• SOURCE DATA
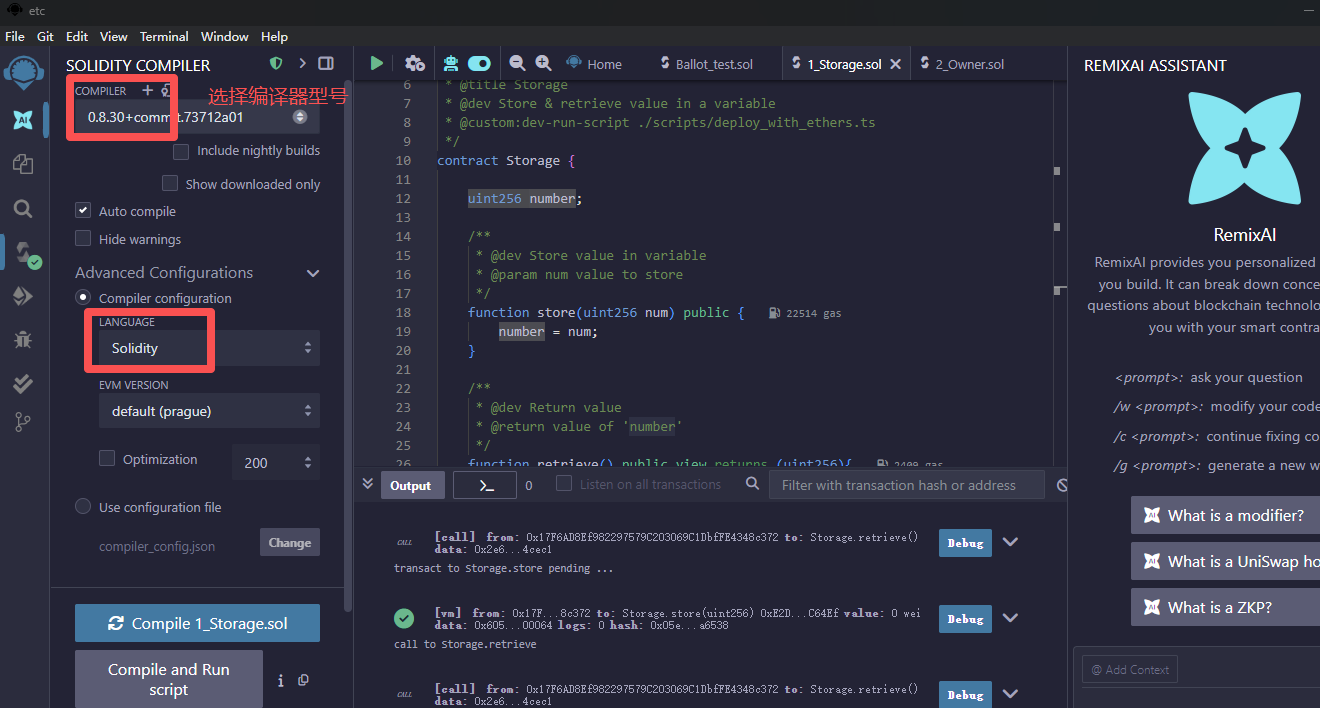 配置好编译器型号、语言使用solidy,点击compile进行编译,编译成功会有绿色的打勾标识
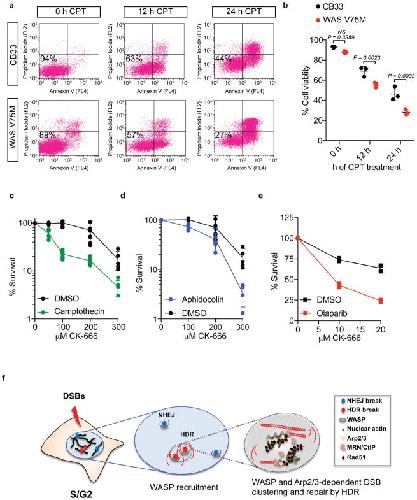 Extended Data Fig. 10. Arp2/3 inactivation confers sensitivity to DSBs induced in S-phase as well as replication stress-inducing agentsa, Control CB33 lymphocytes or lymphocytes bearing a V75M mutation in the WAS gene were treated with camptothecin (CPT) for 0, 12, or 24 hours. Percent viability following CPT treatment was assessed by measuring the fraction of Annexin V and propidium iodide negative cells by flow cytometry. b, Summary of CB33 or WAS V75M lymphocyte survival following CPT treatment (P calculated by two-way ANOVA with multiple comparisons; data shown as mean and s.d.; n=3 independent experiments) c, Clonogenic U2OS cell survival after 12 hr of camptothecin treatment in the presence of DMSO or increasing concentrations of CK-666. (Triplicate experiments; data shown as mean and s.d.; n=2 independent experiments). d, Clonogenic U2OS cell survival after 12 hr of aphidicolin treatment in the presence of DMSO or increasing concentrations of CK-666. (Triplicate experiments; data shown as mean and s.d.; n=2 independent experiments). e, Clonogenic U2OS cell survival after olaparib treatment in the presence of DMSO or increasing concentrations of CK-666 for 14 days. (Triplicate experiments; data shown as mean and s.e.m.; n=2 independent experiments). f, DNA damage induces DSBs, which are repaired preferentially by NHEJ in mammalian cells (in blue). In S/G2, DSBs may be repaired by HDR (in red). All DSBs recruit WASP, but Arp2/3-dependent actin polymerization occurs only at HDR breaks, which become more mobile. Actin polymerization in the vicinity of DSBs generates forces resulting in DSB clustering, optimal DNA end resection, Rad51 foci formation, and HDR. |
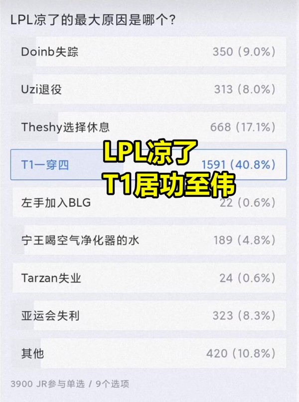 40%的玩家认为,去年T1战队一穿四打败LPL,居功至伟。TheShy选择去休息,则是第二大原因。除此之外,Doinb、亚运会和UZI等等,也都有一定原因。甚至还有一个离谱选项,宁王喝空气净化器里的水……

• YOUR GOAL
Restate, line by line and word for word, everything from the top of the material through the line that contains "Extended Data Fig.". Leave pictures out.

• YOUR SOLUTION
 配置好编译器型号、语言使用solidy,点击compile进行编译,编译成功会有绿色的打勾标识
 Extended Data Fig. 10. Arp2/3 inactivation confers sensitivity to DSBs induced in S-phase as well as replication stress-inducing agentsa, Control CB33 lymphocytes or lymphocytes bearing a V75M mutation in the WAS gene were treated with camptothecin (CPT) for 0, 12, or 24 hours. Percent viability following CPT treatment was assessed by measuring the fraction of Annexin V and propidium iodide negative cells by flow cytometry. b, Summary of CB33 or WAS V75M lymphocyte survival following CPT treatment (P calculated by two-way ANOVA with multiple comparisons; data shown as mean and s.d.; n=3 independent experiments) c, Clonogenic U2OS cell survival after 12 hr of camptothecin treatment in the presence of DMSO or increasing concentrations of CK-666. (Triplicate experiments; data shown as mean and s.d.; n=2 independent experiments). d, Clonogenic U2OS cell survival after 12 hr of aphidicolin treatment in the presence of DMSO or increasing concentrations of CK-666. (Triplicate experiments; data shown as mean and s.d.; n=2 independent experiments). e, Clonogenic U2OS cell survival after olaparib treatment in the presence of DMSO or increasing concentrations of CK-666 for 14 days. (Triplicate experiments; data shown as mean and s.e.m.; n=2 independent experiments). f, DNA damage induces DSBs, which are repaired preferentially by NHEJ in mammalian cells (in blue). In S/G2, DSBs may be repaired by HDR (in red). All DSBs recruit WASP, but Arp2/3-dependent actin polymerization occurs only at HDR breaks, which become more mobile. Actin polymerization in the vicinity of DSBs generates forces resulting in DSB clustering, optimal DNA end resection, Rad51 foci formation, and HDR. |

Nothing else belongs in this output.